Proprism

Last updated May 12, 2023

In geometry of 4 dimensions or higher, a proprism is a polytope resulting from the Cartesian product of two or more polytopes, each of two dimensions or higher. The term was coined by John Horton Conway for product prism. The dimension of the space of a proprism equals the sum of the dimensions of all its product elements. Proprisms are often seen as k-face elements of uniform polytopes.^[1]

Properties

The number of vertices in a proprism is equal to the product of the number of vertices in all the polytopes in the product.

The minimum symmetry order of a proprism is the product of the symmetry orders of all the polytopes. A higher symmetry order is possible if polytopes in the product are identical.

A proprism is convex if all its product polytopes are convex.

f-vectors

An f-vector is a number of k-face elements in a polytope from k=0 (points) to k=n-1 (facets). An extended f-vector can also include k=-1 (nullitope), or k=n (body). Prism products include the body element.

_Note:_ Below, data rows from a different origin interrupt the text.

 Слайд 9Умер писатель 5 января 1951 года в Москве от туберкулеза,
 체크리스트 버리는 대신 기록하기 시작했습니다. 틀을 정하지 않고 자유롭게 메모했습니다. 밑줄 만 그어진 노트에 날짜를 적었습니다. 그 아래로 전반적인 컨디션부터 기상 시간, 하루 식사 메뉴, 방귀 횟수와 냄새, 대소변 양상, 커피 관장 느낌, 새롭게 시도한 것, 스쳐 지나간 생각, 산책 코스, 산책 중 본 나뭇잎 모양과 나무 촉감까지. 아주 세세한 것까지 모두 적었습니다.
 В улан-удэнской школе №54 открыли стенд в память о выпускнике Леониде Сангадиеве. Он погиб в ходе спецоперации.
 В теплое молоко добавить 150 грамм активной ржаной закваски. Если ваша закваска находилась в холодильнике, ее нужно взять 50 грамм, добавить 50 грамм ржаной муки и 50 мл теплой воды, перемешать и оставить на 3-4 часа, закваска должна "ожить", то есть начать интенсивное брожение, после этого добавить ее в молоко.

The f-vector of prism product, A×B, can be computed as (f_A,1)*(f_B,1), like polynomial multiplication polynomial coefficients.

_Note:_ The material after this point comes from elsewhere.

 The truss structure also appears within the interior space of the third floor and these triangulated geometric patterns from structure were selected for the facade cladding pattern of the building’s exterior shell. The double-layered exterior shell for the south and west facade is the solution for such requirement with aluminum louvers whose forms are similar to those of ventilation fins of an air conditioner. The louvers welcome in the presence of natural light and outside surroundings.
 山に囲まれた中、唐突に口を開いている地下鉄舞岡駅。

For example for product of a triangle, f=(3,3), and dion, f=(2) makes a triangular prism with 6 vertices, 9 edges, and 5 faces:

f_A(x) = (3,3,1) = 3 + 3x + x² (triangle)

f_B(x) = (2,1) = 2 + x (dion)

f_A∨B(x) = f_A(x) * f_B(x)

= (3 + 3x + x²) * (2 + x)

= 6 + 9x + 5x² + x³

= (6,9,5,1)

Hypercube f-vectors can be computed as Cartesian products of n dions, { }ⁿ. Each { } has f=(2), extended to f=(2,1).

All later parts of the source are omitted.